RE: Typing units correctly

2001-02-15 Thread Andrew Kennedy

First, I think there's been a misunderstanding. I was referring to 
the poster ("Christoph Grein") of
http://www.adapower.com/lang/dimension.html
when I said that "he doesn't know what he's talking about". I've 
not been following the haskell cafe thread very closely, but from 
what I've seen your (Dylan's) posts are well-informed. Sorry if 
there was any confusion.

As you suspect, negative exponents are necessary. How else would you 
give a polymorphic type to
  \ x - 1.0/x
?

However, because of the equivalence on type schemes that's not just 
alpha-conversion, many types can be rewritten to avoid negative 
exponents, though I don't think that this is particularly desirable.
For example the type of division can be written

  / :: Real (u.v) - Real u - Real v

or

  / :: Real u - Real v - Real (u.v^-1)

where u and v are "unit" variables.

In fact, I have since solved the simplification problem mentioned 
in my ESOP paper, and it would assign the second of these two 
(equivalent) types, as it works from left to right in the type.

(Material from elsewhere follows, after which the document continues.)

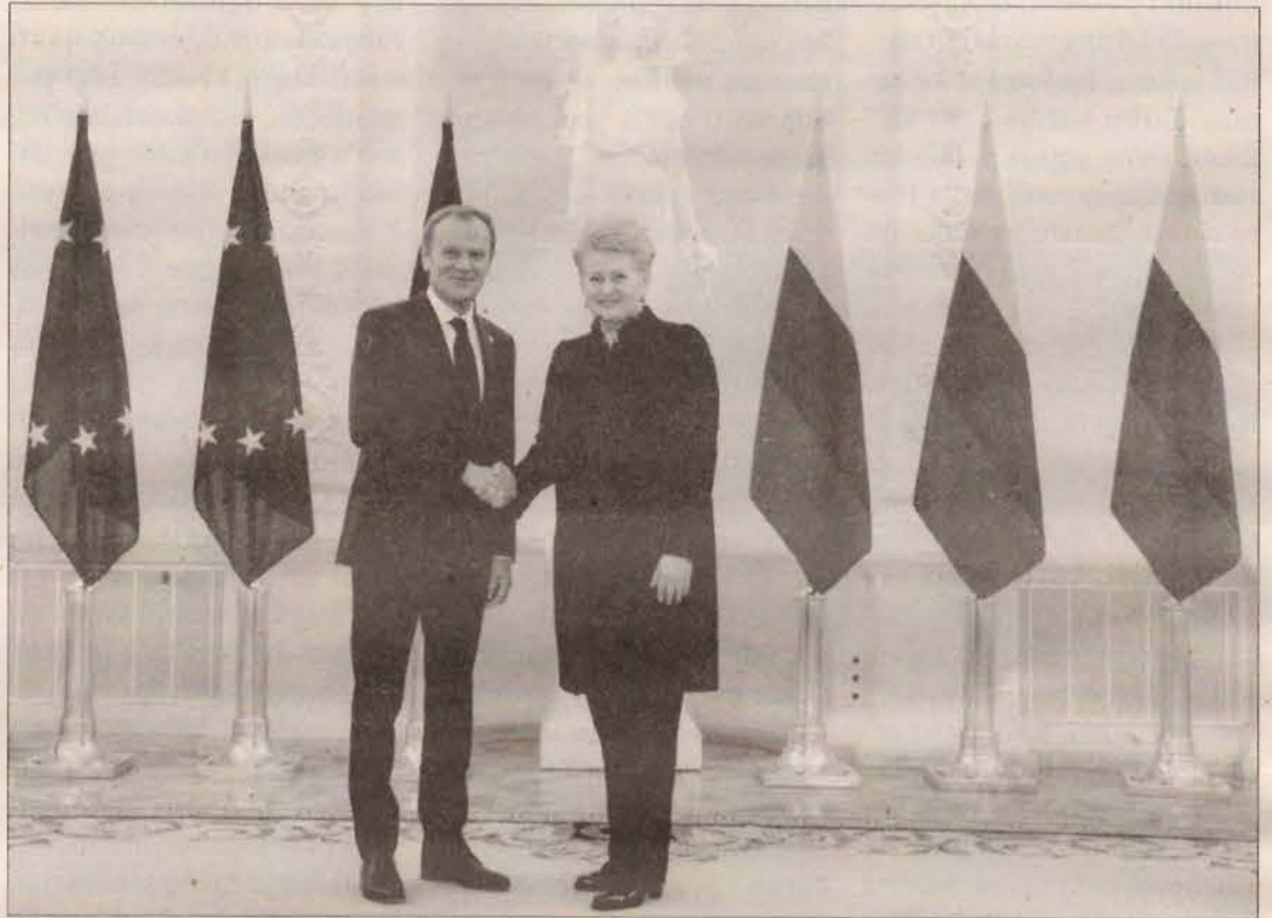
Sausio 14 d. Vilniuje lankėsi Europos Vadovų tarybos (EVT) pirmininkas D. Tusk. Susitikime su Lietuvos prezidentė D. Grybauskaitė aptarė svarbius Lietuvai ir visai ES klausimus. Buvęs Lenkijos premjeras D. Tusk Europos Vadovų tarybai, kurioje posėdžiauja valstybių ir vyriausybės vadovai, pirmininkauja nuo praėjusių metų gruodžio mėn. Į Vilnių jis atvyko dalyvauti Lietuvos įstojimo į euro zoną renginiuose.

I
guess it does boil down to choosing a nice basis; more precisely
it corresponds to the Hermite Normal Form from the theory of 
integer matrices (more generally: modules over commutative rings).

For more detail see my thesis, available from

  http://research.microsoft.com/users/akenn/papers/index.html

By the way, type system pathologists might be interested to know
that the algorithm described in ESOP'94 doesn't actually work
without an additional step in the rule for let (he says shamefacedly). 
Again all this is described in my thesis - but for a clearer explanation
of this issue you might want to take a look at my technical report 
"Type Inference and Equational Theories".

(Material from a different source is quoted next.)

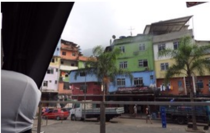
下：これまでの写真と全く雰囲気の違いがします。実際に危険だそうです。
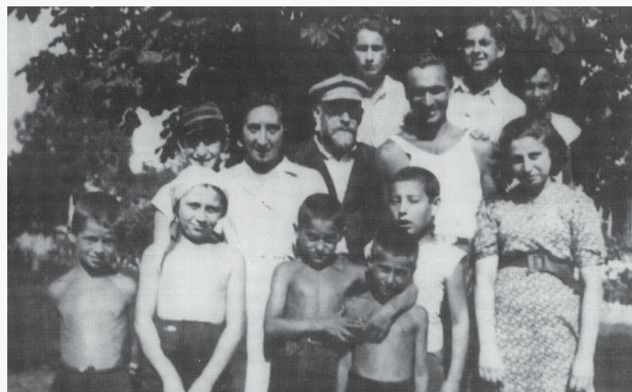
Janusz Korczak z otroki in osebje Doma Sierot.

Ljudje, ki so opazovali odhod Korczakovih otrok iz geta na železniško postajo, pravijo takole: Hodili so v koloni po dva in dva. Oblečeni so bili v svoja najboljša oblačila, vsak od njih je imel s sabo svojo najljubšo knjigo ali igračo. Hodeč skozi mesto so peli, eden izmed njih pa naj bi tudi nosil zeleno zastavo kot simbol vseh otrok. Tako so se uprli nesmiselnosti vojne in brezumnemu ubijanju, v zgodovino pa se je dogodek vpisal kot Korczakov marš.

Which brings me to your last point: some more general system that 
subsumes the rather specific dimension/unit types system. There's been
some nice work by Martin Sulzmann et al on constraint based systems 
which can express dimensions. See 

  http://www.cs.mu.oz.au/~sulzmann/

for more details. To my taste, though, unless you want to express all
sorts of other stuff in the type system, the equational-unification-based 
approach that I described in ESOP is simpler, even with the fix for let.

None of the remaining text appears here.